In response to a subpoena, Ebbers appeared before the U.S. House Committee on Financial Services on July 8, 2002. At these hearings Ebbers stated "I do not believe I have anything to hide, I believe that no one will conclude that I engaged in any criminal or fraudulent conduct." After making this statement Ebbers asserted his Fifth Amendment right against self-incrimination.
Following his actions, Ebbers was threatened with contempt of Congress charges. The basis of the allegation was that Ebbers' statement constituted testimony that could not be cross-examined. No charge of contempt was ever filed.

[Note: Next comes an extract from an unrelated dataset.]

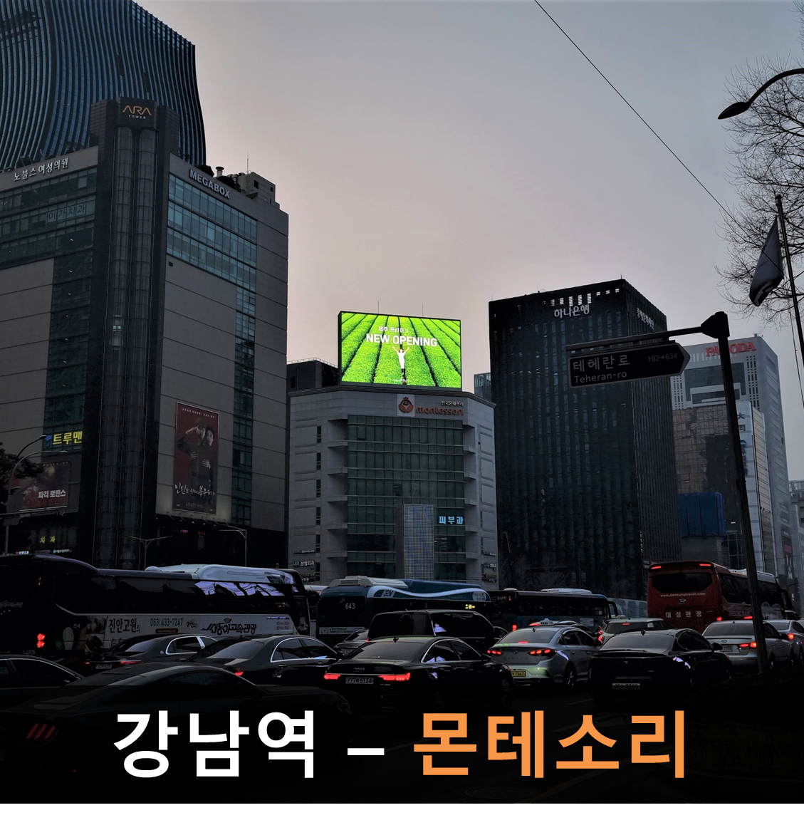 강남역의 최대상권 강남역 사거리에 설치되어 유동인구와 정체되는 차량이용객에게 집중

On August 27, 2003, Oklahoma's Attorney General, Drew Edmondson, filed a 15-count indictment against Ebbers. The indictment charged that he violated the state's securities laws by defrauding investors on multiple occasions between January 2001 and March 2002. These charges were dropped, with the right to refile retained, on November 20, 2003. An agreement to extend the statute of limitations on these charges, allowing Oklahoma prosecutors time to see the results of federal sentencing, was signed on March 30, 2005.
Federal authorities indicted Ebbers with security fraud and conspiracy charges on March 2, 2004. An amendment to the indictment on May 25, 2004 increased the list of charges to nine felonies: one count each of conspiracy and securities fraud, and seven counts of filing false statements with securities regulators. Ebbers was found guilty of all charges on March 15, 2005.
On July 13, 2005, federal judge Barbara S. Jones, of the U.S. District Court, Southern District of New York in Manhattan, sentenced Ebbers to twenty-five years in a federal prison in Louisiana. Ebbers was allowed to remain free for another year while his appeal was being considered. His conviction was upheld in a federal circuit court on July 28, 2006. On September 6, 2006, the presiding judge ordered him to report to jail on September 26 to start serving his 25-year sentence. Ebbers reported to Oakdale Federal Correctional Institution in Oakdale, Louisiana on September 26, 2006, driving himself to the prison in his Mercedes. He is serving his sentence as inmate #56022-054  in the low-security portion of the complex, which typically houses non-violent offenders and is built more like a school dormitory. The earliest date he can be released is in July 2028, at which time he will be 87 years old.
On October 11, 2002, WorldCom investors brought a class action civil lawsuit against Ebbers and other defendants, alleging injuries as a result of Ebbers' securities fraud violations. Judge Denise Cote of the U.S. District Court for the Southern District of New York ordered the parties in the lawsuit to participate in settlement negotiations. On September 21, 2005, Judge Cote approved the settlement reached by the parties, and dismissed the lawsuit against Ebbers. The parties agreed that Ebbers and his codefendants would distribute over $6.13 billion, plus interest, to over 830,000 individuals and institutions that had held stocks and bonds in WorldCom at the time of its collapse. Under the terms of the settlement, Ebbers agreed to relinquish a significant portion of his assets, including a lavish home in Mississippi, and his interests in a lumber company, a marina, a golf course, a hotel, and thousands of acres of forested real estate. On paper, Ebbers was supposedly left with around $50,000 in known assets after settlement.